=== Data provided ===

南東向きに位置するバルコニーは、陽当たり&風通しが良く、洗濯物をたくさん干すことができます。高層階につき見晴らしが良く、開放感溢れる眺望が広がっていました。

===
=== Data provided ===

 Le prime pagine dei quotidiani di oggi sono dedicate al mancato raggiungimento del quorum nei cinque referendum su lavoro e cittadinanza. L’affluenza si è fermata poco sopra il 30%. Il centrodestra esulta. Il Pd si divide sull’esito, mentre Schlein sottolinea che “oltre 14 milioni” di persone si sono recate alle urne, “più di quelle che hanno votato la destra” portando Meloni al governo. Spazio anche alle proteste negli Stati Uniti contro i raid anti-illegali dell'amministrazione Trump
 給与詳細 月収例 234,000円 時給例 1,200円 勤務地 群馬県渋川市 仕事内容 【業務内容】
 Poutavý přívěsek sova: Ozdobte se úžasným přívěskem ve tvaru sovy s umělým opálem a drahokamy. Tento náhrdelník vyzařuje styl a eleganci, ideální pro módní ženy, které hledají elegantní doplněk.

===

> **Aim of the task**:
Everything above from the line with "Le prime pagine" to the line with "Poutavý přívěsek sova: Ozdobte", both included, must be repeated exactly, and nothing outside that range.

> **Response for this exercise**:
 Le prime pagine dei quotidiani di oggi sono dedicate al mancato raggiungimento del quorum nei cinque referendum su lavoro e cittadinanza. L’affluenza si è fermata poco sopra il 30%. Il centrodestra esulta. Il Pd si divide sull’esito, mentre Schlein sottolinea che “oltre 14 milioni” di persone si sono recate alle urne, “più di quelle che hanno votato la destra” portando Meloni al governo. Spazio anche alle proteste negli Stati Uniti contro i raid anti-illegali dell'amministrazione Trump
 給与詳細 月収例 234,000円 時給例 1,200円 勤務地 群馬県渋川市 仕事内容 【業務内容】
 Poutavý přívěsek sova: Ozdobte se úžasným přívěskem ve tvaru sovy s umělým opálem a drahokamy. Tento náhrdelník vyzařuje styl a eleganci, ideální pro módní ženy, které hledají elegantní doplněk.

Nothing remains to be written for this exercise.